Na Argélia, exército e polícia escoltam turistas estrangeiros

Em fevereiro deste ano, fiz uma viagem com a minha mãe para o norte da África. Escolhemos o Marrocos como destino principal, mas queríamos visitar também outro país próximo. Como a Turquia e Tunísia se apresentavam como destinos com iminentes perigo nos noticiários, pesquisamos outras paisagens e histórias e acabamos escolhendo a Argélia.

De cara encontramos diversos obstáculos para chegar lá. Para conseguir o visto, precisávamos de todo o itinerário fechado e comprado, e há pouca informação disponível sobre o país, não sendo possível, por exemplo, encontrar hotéis e passagens nacionais pela internet.

Créditos: mtcurado/iStock

Vista da cidade de Argel, capital da Argélia

Como não foi possível comprar “no varejo” começamos a buscar uma agência com a qual conseguimos fechar um pacote. Encontramos uma única agência que organizava a viagem em todo o território nacional, com guias em inglês ou francês, e não apenas em árabe.

Custou-nos uma fortuna, sim: cinco dias na Argélia seria quase equivalente a 15 dias no Marrocos, mas estamos animadas. Com tudo combinado e uma carta da agência Expert Algeria como convite, conseguimos o visto, juntamos o dinheiro e partimos para lá.

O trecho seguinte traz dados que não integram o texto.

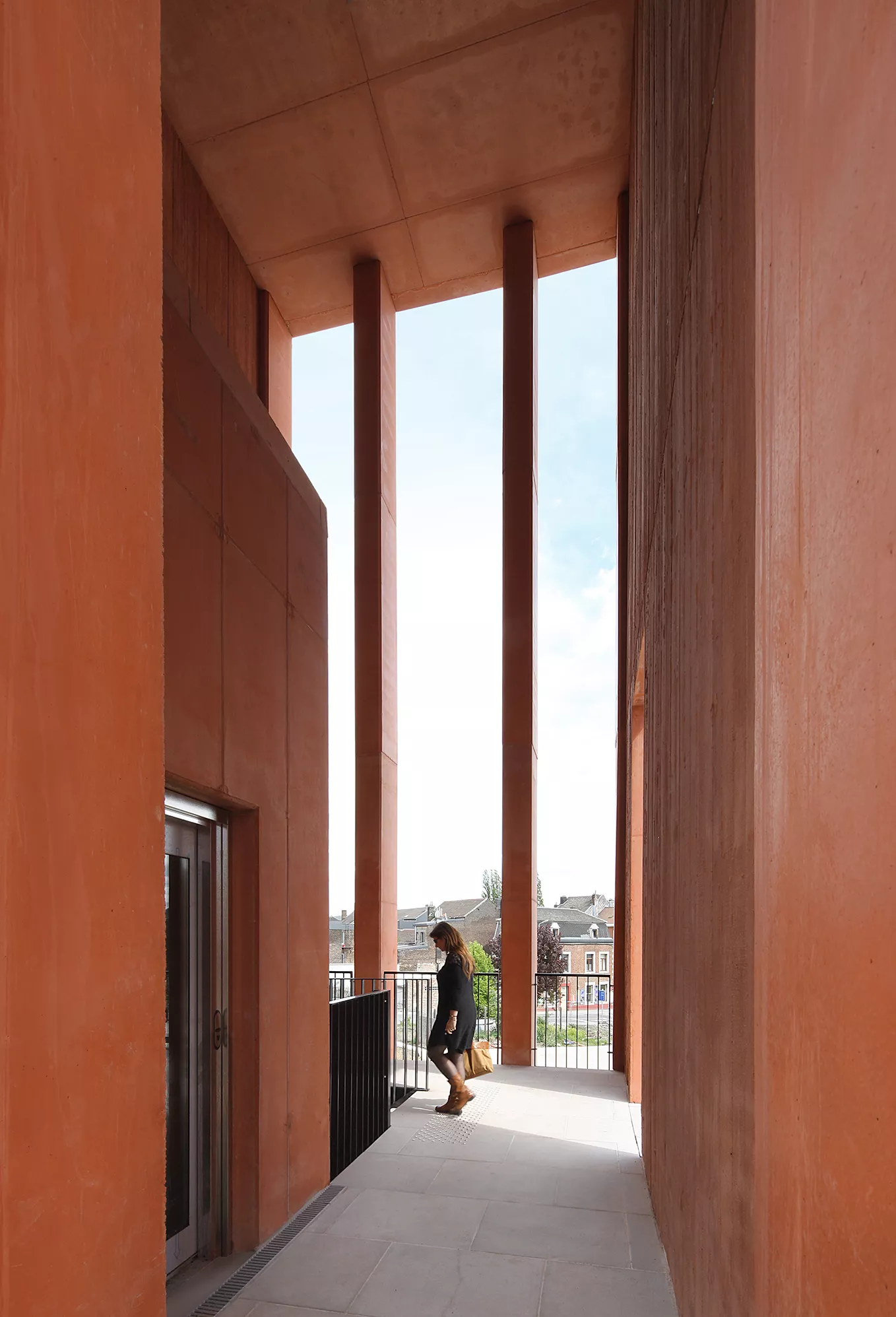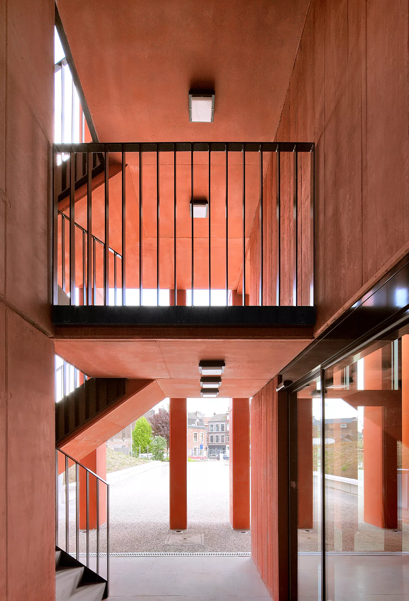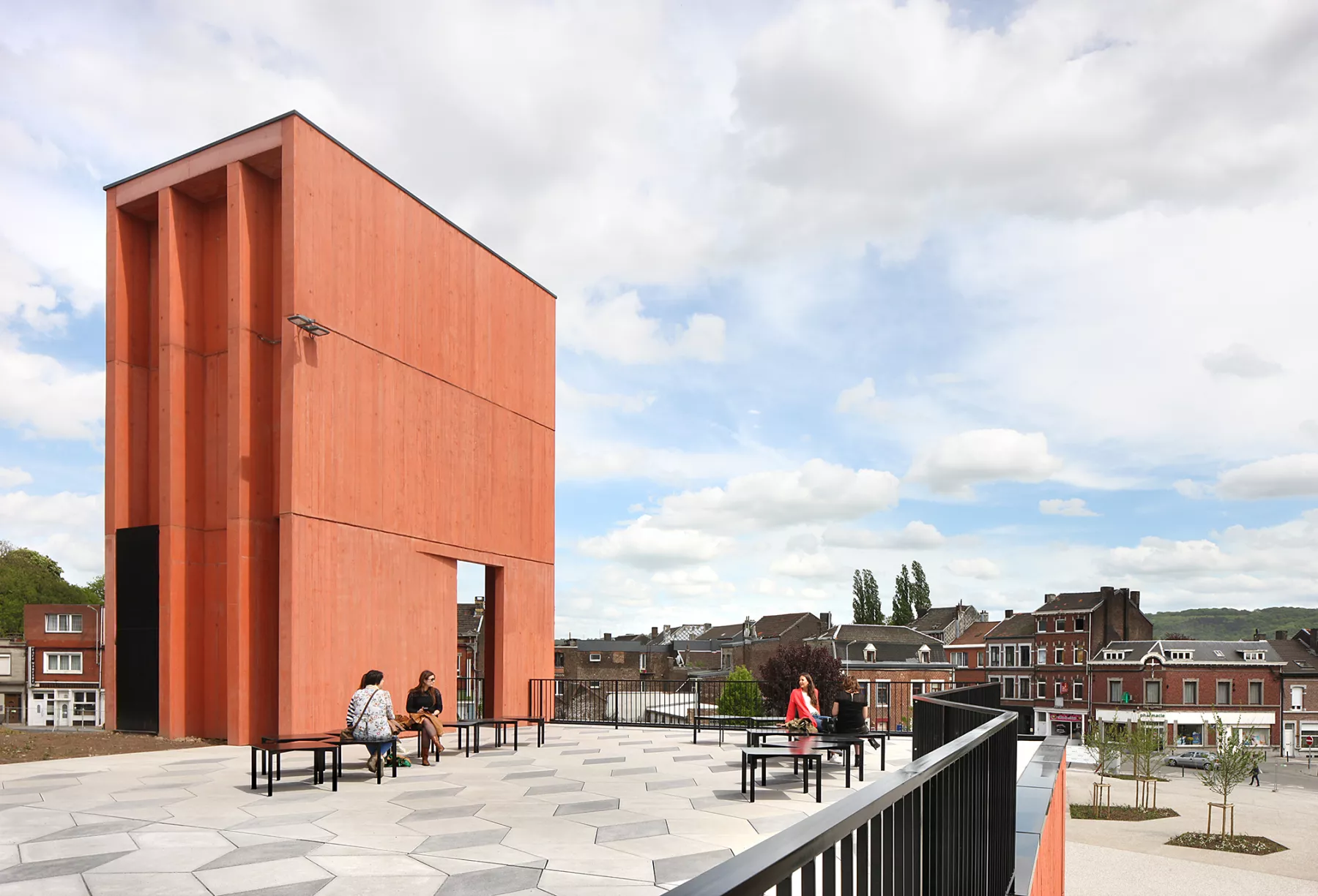 Above all, it was necessary to make this mission an exemplary urban project, both from the point of view of its integration into a particular existing context and from the point of view of the major principles of mobility and the logic of movement in the city. Characterized by narrow streets and a lack of public spaces, the lower town of Herstal required a thorough requalification of the existing facilities: one-way streets, widening of sidewalks, reduction of on-street parking spaces and creation of new parking lots, and the creation of a plateau at the intersection in the extension of the new square. Particular attention was given to universal accessibility, the continuous implementation and gentle slope ramps allow for comfortable accessibility for disabled people and all active users, pedestrians and cyclists.

Chegamos de Casablanca direto para Argel, capital do país onde nos hospedamos pela primeira noite. Nossa primeira surpresa, que veio a marcar toda nossa viagem, foi ao tentar sair do hotel pela primeira vez. Nosso guia nos explicou que estávamos esperando a polícia, que nos acompanharia em todo o trajeto. Ele nos contou que toda agência, hotel e demais operador de turismo tinha a obrigação de informar ao estado o itinerário dos turistas que entravam no país, e que, em quase todos os casos, isso significava um esquema de vigilância por meio da escolta em todos os lugares.

Com um regime mais fechado e a falta de hábito de receber turistas, a força policial se move para impedir um escândalo caso algum confronto social resvale sobre a segurança de um estrangeiro. Sem outra opção, acatamos o esquema.

A cidade de Argel é muito bonita, apesar de descuidada, e há muita coisa interessante para se ver.

Além disso, o país é muito marcado pela presença que teve no território o Império Romano, de forma que há diversos sítios arqueológicos para visitar. De Argel fomos a Tipasa, que não fica muito longe.

Então, a força policial não era nada de mais além de uma companhia indesejada? Nem tanto. O processo gerou vários tropeços na programação, por que a cada mudança de equipe que nos seguia perdíamos um tempo enorme esperando outro carro (foi assim atravessando o norte do país na direção oeste para visitar as cidades de Temcen e Oran, por exemplo).

A força policial e militar quase não fala francês, que apesar de ser língua oficial do país, não é amplamente disseminada. De forma que ao longo de todos os dias, nosso contato sobre a escolta foi exclusivamente com o guia, que também nos explicou que não lhe era comunicado tudo que envolvia a escolta.

Isso nos marcou especialmente no centro do país, em Ghardaia. O local é uma comuna berbere patrimônio da humanidade pela Unesco, onde pudemos visitar a medina e suas belas construções, e onde os hábitos e o coletivo se dividem por família. Lá conhecemos o sistema de distribuição de água que cria um oásis de um riacho e abastece a cidade toda, igualmente.

Foi uma das coisas mais interessantes que vimos, sem dúvidas, mas tivemos o desprazer de, entre uma coisa e outra, ficar duas horas “detidas” no quartel local, enquanto esperávamos uma inspeção em nosso passaporte sem saber por que e o que estava sendo feito de nossos documentos e itinerário.

E foi exatamente assim que passamos os cinco dias na Argélia: vimos paisagens muito bonitas, mas todas com a constante presença da polícia ou do exército. Definitivamente, causa uma sensação de tensão, um constante estresse, que pesou nosso humor e disposição durante a viagem.

Sempre que me perguntam se eu vou voltar, eu penso no quanto foi importante, por um momento que seja, entender o que é este estado sitiado da segurança, além de ver paisagens tão bonitas. Minha resposta é: eu gostaria, mas após uma mudança no regime político, de repente para ver o que se tornou diferente e o que permaneceu, de um universo tão distante do meu.